BEGIN DATA FOR THIS TASK

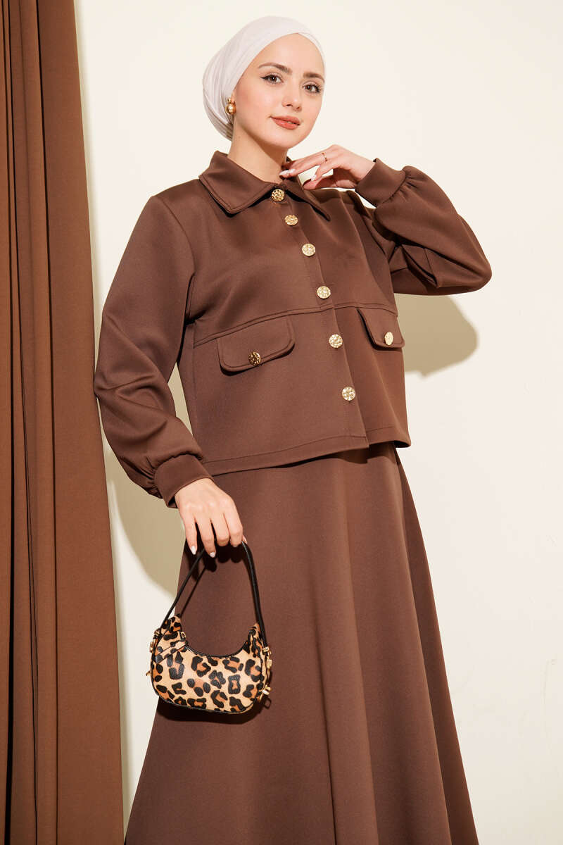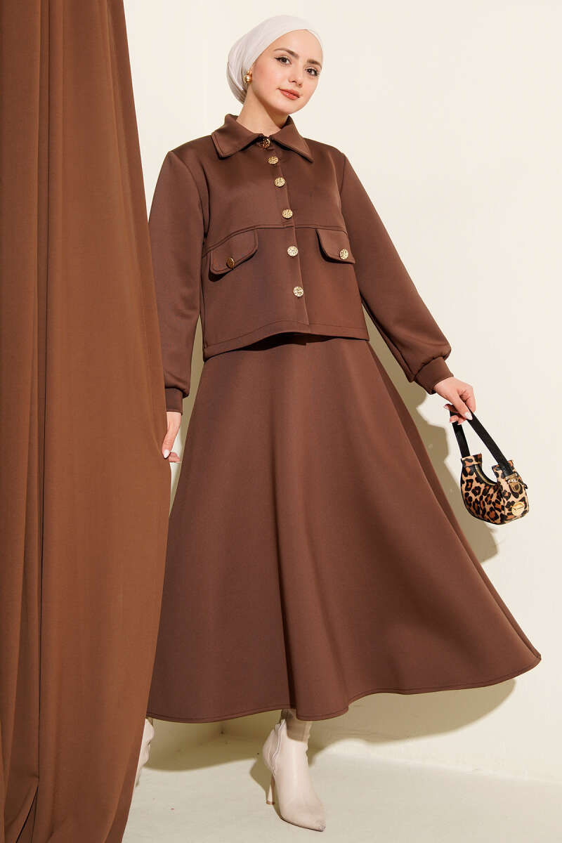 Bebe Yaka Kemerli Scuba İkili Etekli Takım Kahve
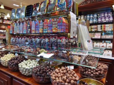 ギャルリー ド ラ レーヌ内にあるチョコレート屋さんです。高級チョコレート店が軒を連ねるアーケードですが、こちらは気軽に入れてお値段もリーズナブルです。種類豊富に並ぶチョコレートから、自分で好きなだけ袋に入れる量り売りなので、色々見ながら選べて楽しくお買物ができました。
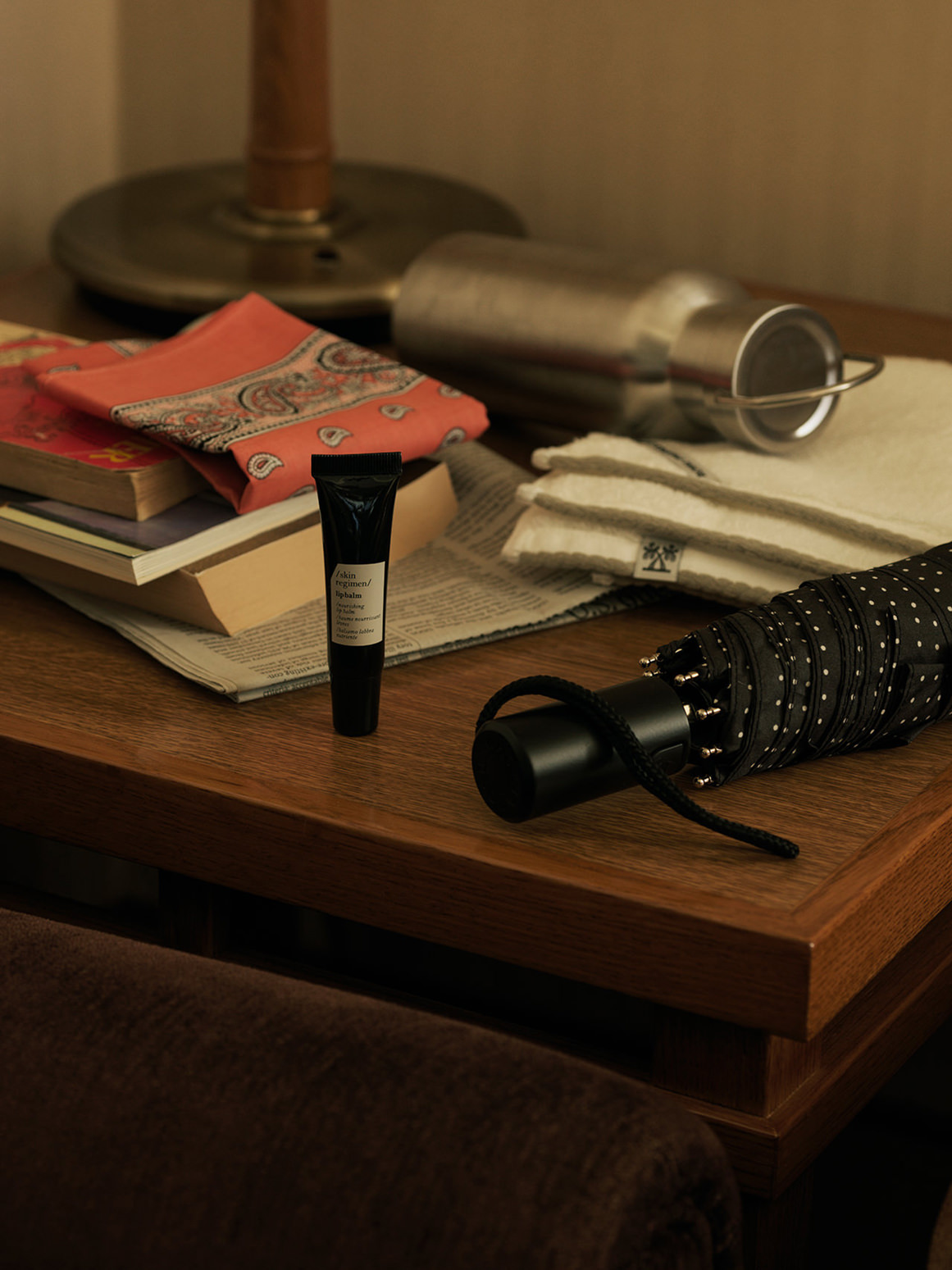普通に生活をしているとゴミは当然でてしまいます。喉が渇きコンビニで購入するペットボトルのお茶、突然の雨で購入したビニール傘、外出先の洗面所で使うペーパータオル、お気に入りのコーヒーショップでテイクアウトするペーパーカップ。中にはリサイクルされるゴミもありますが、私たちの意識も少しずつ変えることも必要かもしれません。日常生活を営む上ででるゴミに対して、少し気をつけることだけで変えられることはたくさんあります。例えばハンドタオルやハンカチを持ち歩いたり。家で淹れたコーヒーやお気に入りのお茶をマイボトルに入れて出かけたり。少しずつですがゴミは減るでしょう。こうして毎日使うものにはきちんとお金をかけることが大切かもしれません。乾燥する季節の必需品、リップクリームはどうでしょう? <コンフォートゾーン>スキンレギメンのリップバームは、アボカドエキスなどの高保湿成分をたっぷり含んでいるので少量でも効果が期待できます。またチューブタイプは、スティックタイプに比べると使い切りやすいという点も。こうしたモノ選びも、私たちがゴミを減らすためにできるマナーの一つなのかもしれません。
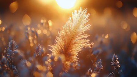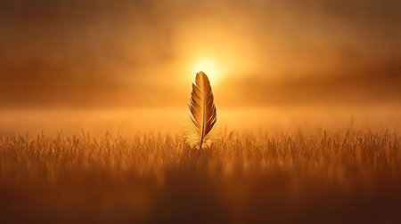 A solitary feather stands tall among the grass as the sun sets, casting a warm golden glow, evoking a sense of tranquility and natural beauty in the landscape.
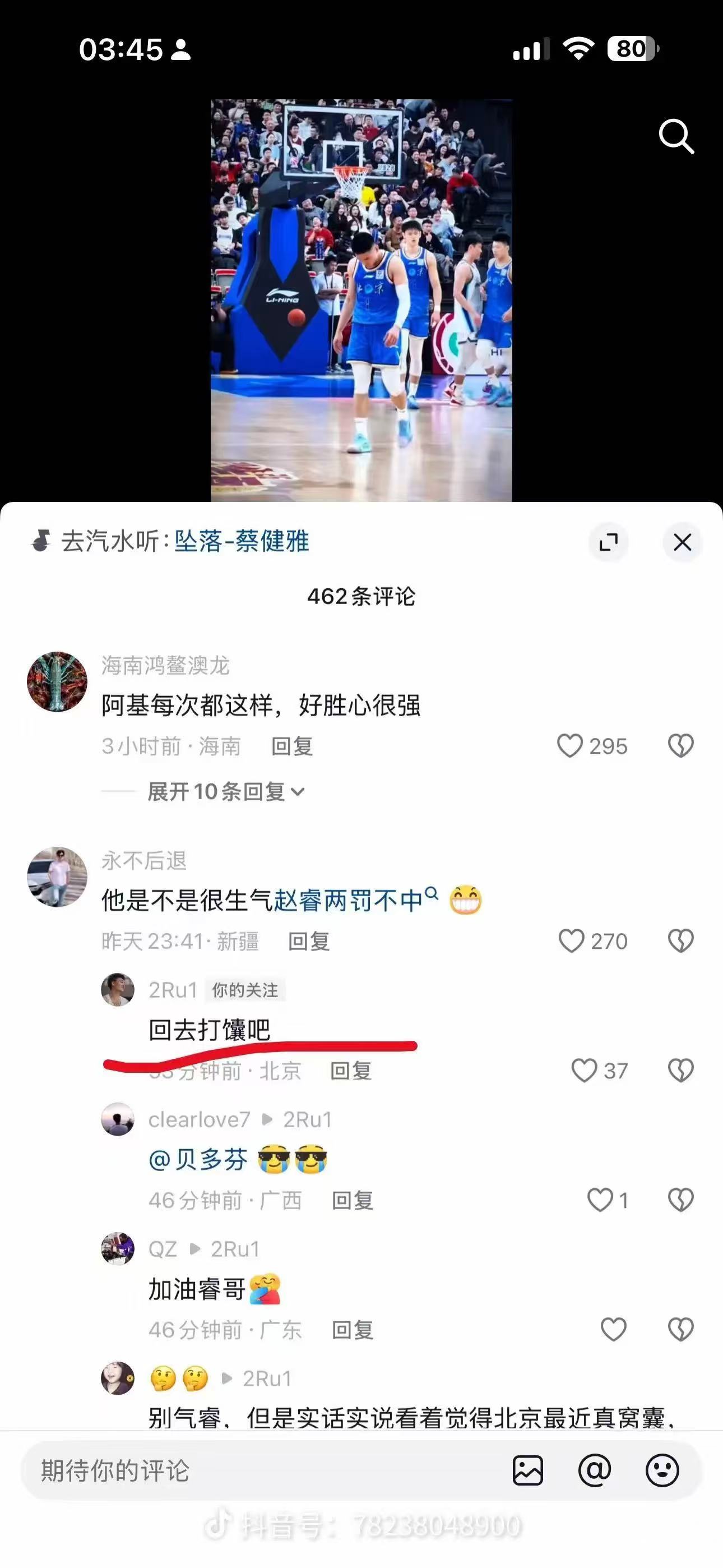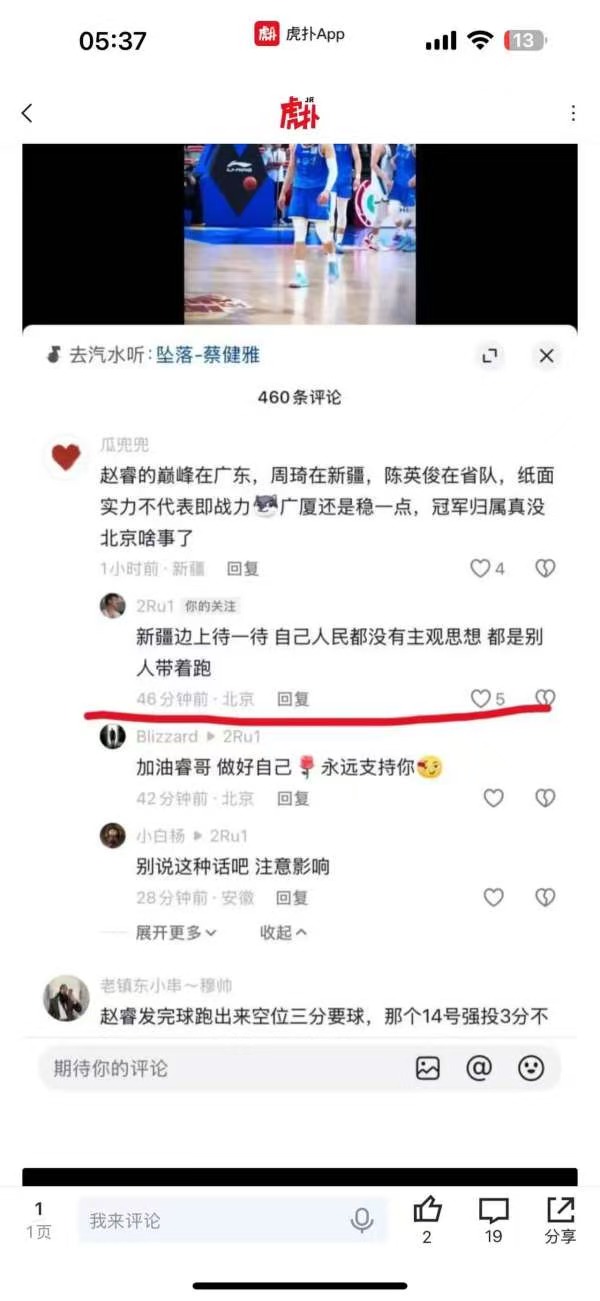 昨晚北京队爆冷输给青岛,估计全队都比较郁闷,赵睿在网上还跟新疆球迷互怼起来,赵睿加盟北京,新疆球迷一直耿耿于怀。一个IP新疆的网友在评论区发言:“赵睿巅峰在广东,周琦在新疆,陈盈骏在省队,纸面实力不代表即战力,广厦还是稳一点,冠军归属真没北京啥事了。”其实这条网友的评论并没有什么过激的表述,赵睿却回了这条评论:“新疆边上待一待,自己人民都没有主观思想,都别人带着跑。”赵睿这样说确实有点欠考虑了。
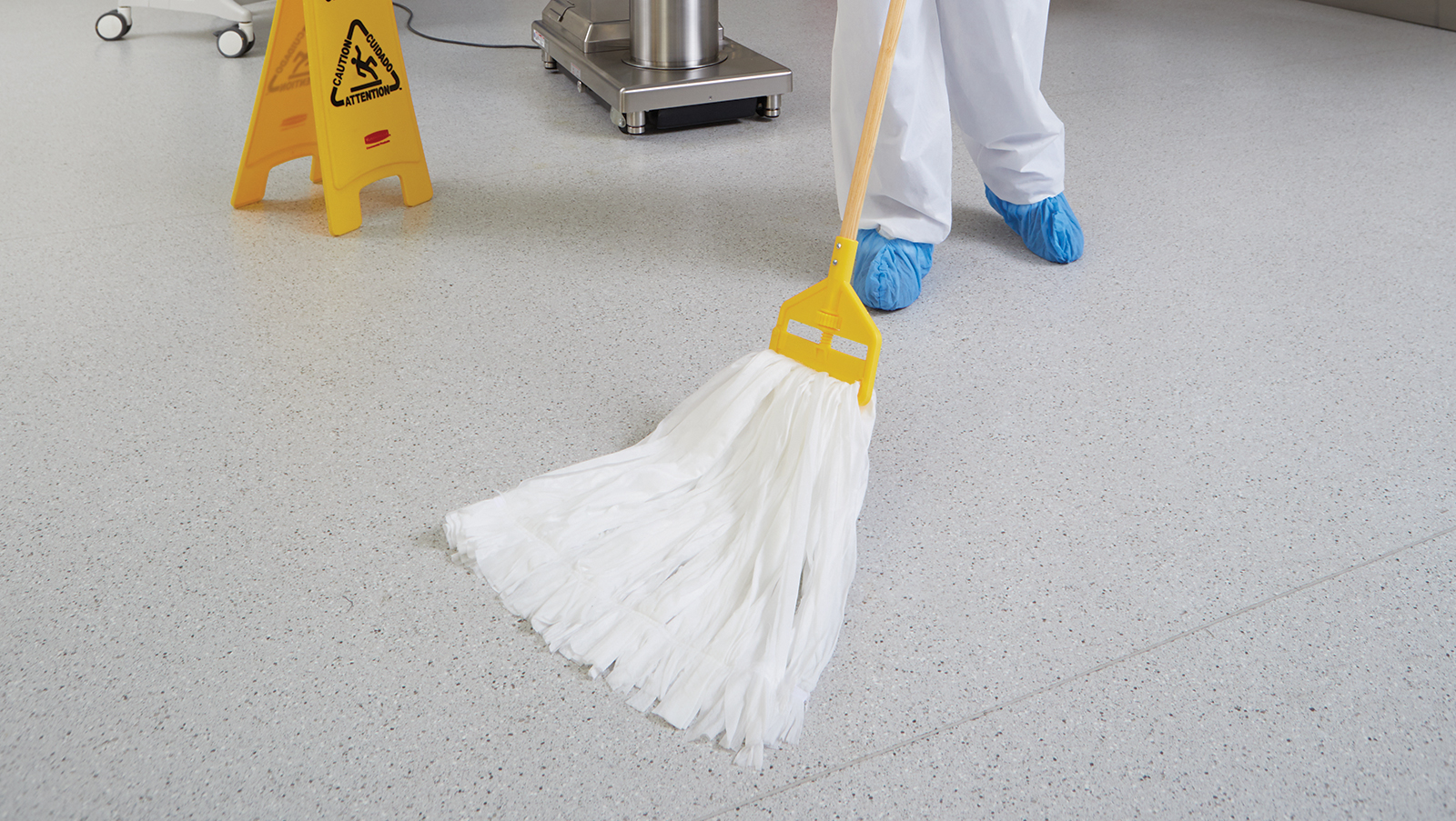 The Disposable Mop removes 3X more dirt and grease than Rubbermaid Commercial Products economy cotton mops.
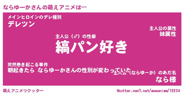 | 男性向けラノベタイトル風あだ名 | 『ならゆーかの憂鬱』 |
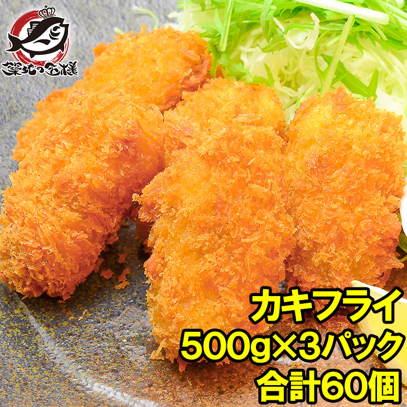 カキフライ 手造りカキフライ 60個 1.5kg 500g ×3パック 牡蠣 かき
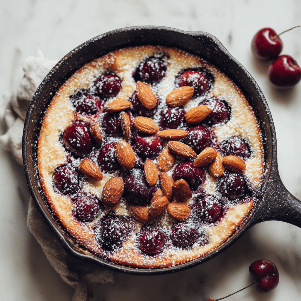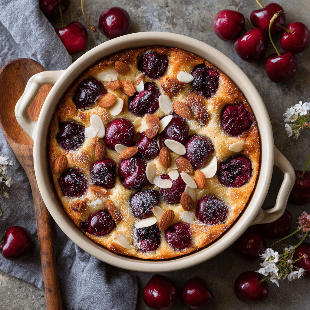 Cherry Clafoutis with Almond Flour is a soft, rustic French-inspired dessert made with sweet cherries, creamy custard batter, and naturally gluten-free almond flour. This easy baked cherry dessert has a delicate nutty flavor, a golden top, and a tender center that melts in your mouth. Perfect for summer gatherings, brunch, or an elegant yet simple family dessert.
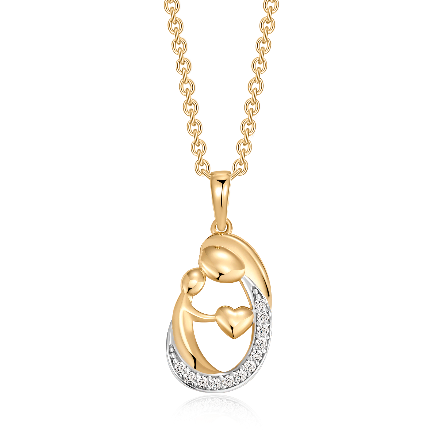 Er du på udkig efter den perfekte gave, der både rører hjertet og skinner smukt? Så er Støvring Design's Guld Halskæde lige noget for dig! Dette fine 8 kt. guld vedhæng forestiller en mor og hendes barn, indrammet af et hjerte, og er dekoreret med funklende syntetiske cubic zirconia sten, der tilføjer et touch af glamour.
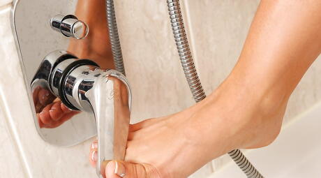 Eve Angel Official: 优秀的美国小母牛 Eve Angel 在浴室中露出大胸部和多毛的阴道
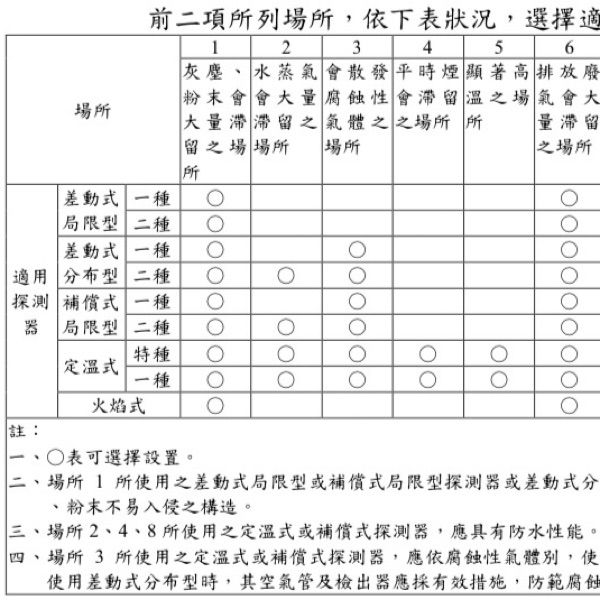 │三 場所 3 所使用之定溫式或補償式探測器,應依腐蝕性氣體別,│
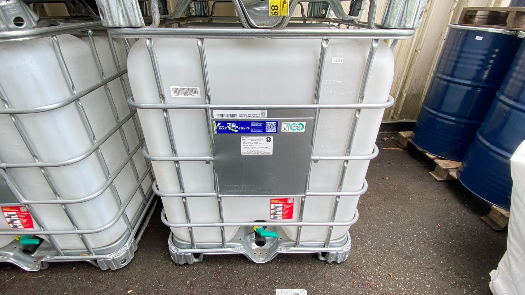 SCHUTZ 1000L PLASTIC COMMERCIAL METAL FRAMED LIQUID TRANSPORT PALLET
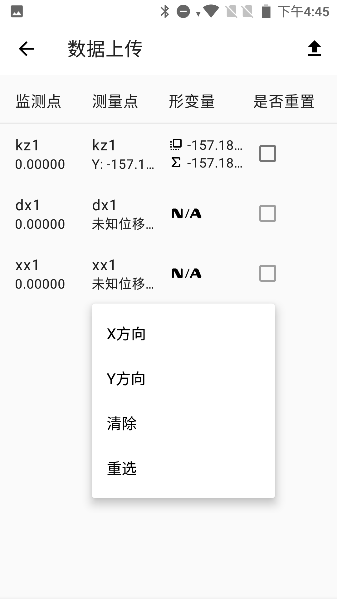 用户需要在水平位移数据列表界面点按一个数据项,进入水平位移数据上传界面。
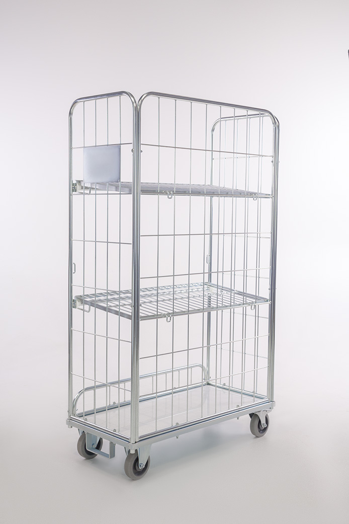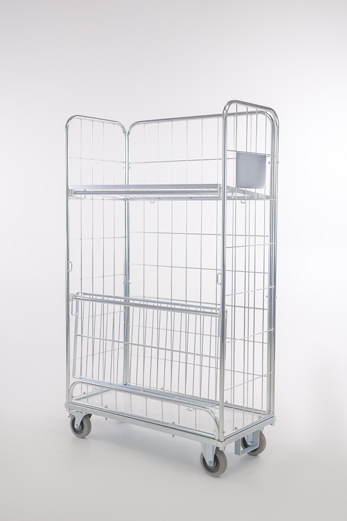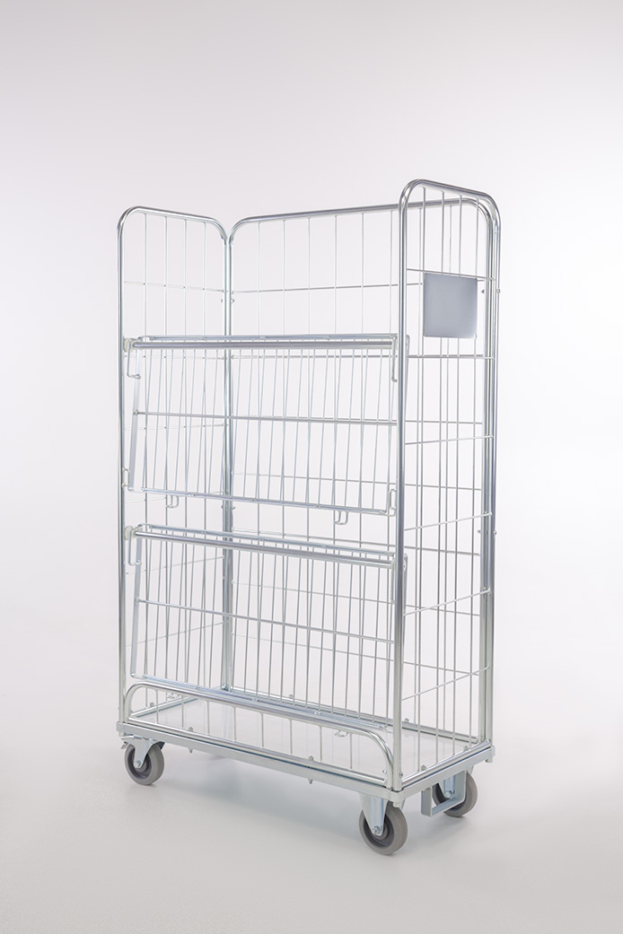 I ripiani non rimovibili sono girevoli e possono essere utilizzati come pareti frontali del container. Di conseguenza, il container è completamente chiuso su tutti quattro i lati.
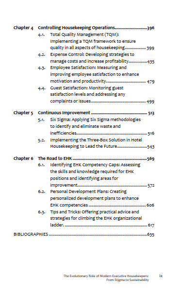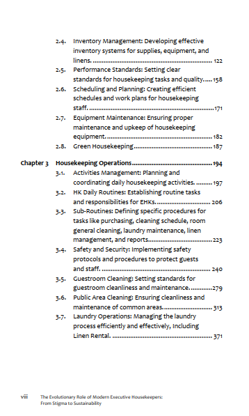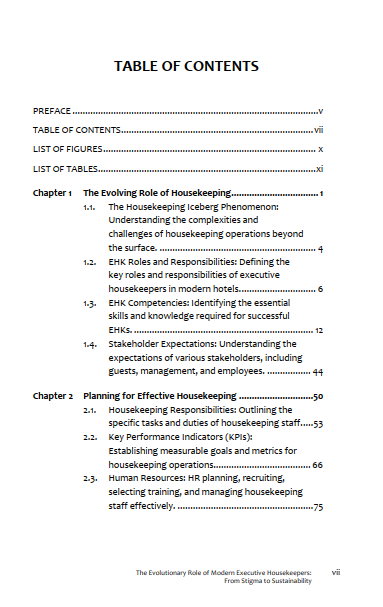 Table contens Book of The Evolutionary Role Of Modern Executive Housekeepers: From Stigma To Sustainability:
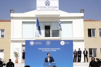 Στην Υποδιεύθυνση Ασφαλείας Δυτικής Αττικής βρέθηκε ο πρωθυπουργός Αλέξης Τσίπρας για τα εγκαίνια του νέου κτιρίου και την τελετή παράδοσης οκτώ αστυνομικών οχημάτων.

END DATA FOR THIS TASK

THE TASK » Although pictures appear among the records above, write out exactly only the lines from the one that has "The Disposable Mop" through the one that has "Cherry Clafoutis with", and leave the pictures out.

RESULT OF THE EXERCISE »
 The Disposable Mop removes 3X more dirt and grease than Rubbermaid Commercial Products economy cotton mops.
 | 男性向けラノベタイトル風あだ名 | 『ならゆーかの憂鬱』 |
 カキフライ 手造りカキフライ 60個 1.5kg 500g ×3パック 牡蠣 かき
 Cherry Clafoutis with Almond Flour is a soft, rustic French-inspired dessert made with sweet cherries, creamy custard batter, and naturally gluten-free almond flour. This easy baked cherry dessert has a delicate nutty flavor, a golden top, and a tender center that melts in your mouth. Perfect for summer gatherings, brunch, or an elegant yet simple family dessert.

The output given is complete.